▶ ASSIGNED TASK:
Although the records contain pictures, only their text should be repeated, exactly as it stands.
*** DATASET ***
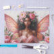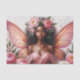 This tissue paper features an enchanting painting of a pretty black girl fairy. The dark-skinned fae girl is has delicate, translucent wings in shades of pink, orange, and gold. She wears an elegant, flowing dress of soft, layered fabrics in blush tones, perfectly complementing her radiant dark brown complexion. A beautiful floral crown made of large, lush peonies and greenery rests atop her thick curly hair, adding a whimsical, natural charm. Surrounded by blooming flowers, the young, melanated fairy exudes grace and serenity. Her serene expression enhances the magical, ethereal atmosphere of the artwork. This fantasy-inspired feminine portrait blends elements of nature, beauty, and fairy tale wonder.
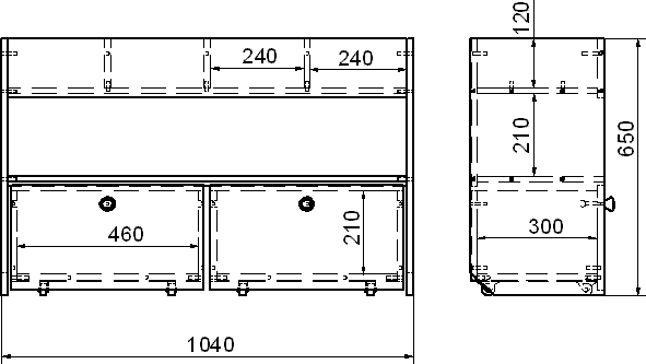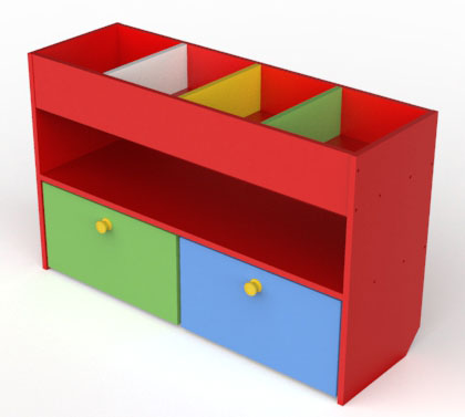 Сверху стеллажа для конструктора, имеются четыре открытых отделения, под ними – широкая полка. На полу, между боковыми стенками стеллажа располагаются два выкатных ящика на колесных опорах.
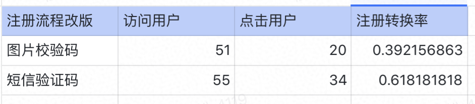 注册流程的A/B测试:之前是使用了图片校验码的方式,但是注册转化率偏低。提出设想:图片校验码方式改成短信校验码方式,是因为降低了用户输入的难度从而可以提高注册转换率。
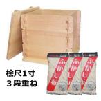 米桧 角セイロ 3段セット(K1001) 身3段重ね 尺一寸(33cm) アラスカヒノキ 角せいろ 手造り (綿ふかし布88×88cm 3枚付き) 日本製 zm
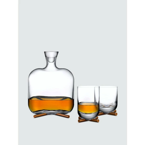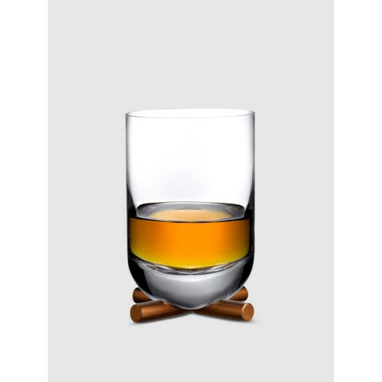 The Camp whiskey glass by NUDE is a study in geometry, proportion and composition. The clear lead-free crystal construction is set atop an x-shaped brass base which recalls the soothing warmth of burning campfire logs — the perfect match for savouring the warmth of whiskey.
*** End of DATASET ***
▶ RESULT OF THE TASK:
 This tissue paper features an enchanting painting of a pretty black girl fairy. The dark-skinned fae girl is has delicate, translucent wings in shades of pink, orange, and gold. She wears an elegant, flowing dress of soft, layered fabrics in blush tones, perfectly complementing her radiant dark brown complexion. A beautiful floral crown made of large, lush peonies and greenery rests atop her thick curly hair, adding a whimsical, natural charm. Surrounded by blooming flowers, the young, melanated fairy exudes grace and serenity. Her serene expression enhances the magical, ethereal atmosphere of the artwork. This fantasy-inspired feminine portrait blends elements of nature, beauty, and fairy tale wonder.
 Сверху стеллажа для конструктора, имеются четыре открытых отделения, под ними – широкая полка. На полу, между боковыми стенками стеллажа располагаются два выкатных ящика на колесных опорах.
 注册流程的A/B测试:之前是使用了图片校验码的方式,但是注册转化率偏低。提出设想:图片校验码方式改成短信校验码方式,是因为降低了用户输入的难度从而可以提高注册转换率。
 米桧 角セイロ 3段セット(K1001) 身3段重ね 尺一寸(33cm) アラスカヒノキ 角せいろ 手造り (綿ふかし布88×88cm 3枚付き) 日本製 zm
 The Camp whiskey glass by NUDE is a study in geometry, proportion and composition. The clear lead-free crystal construction is set atop an x-shaped brass base which recalls the soothing warmth of burning campfire logs — the perfect match for savouring the warmth of whiskey.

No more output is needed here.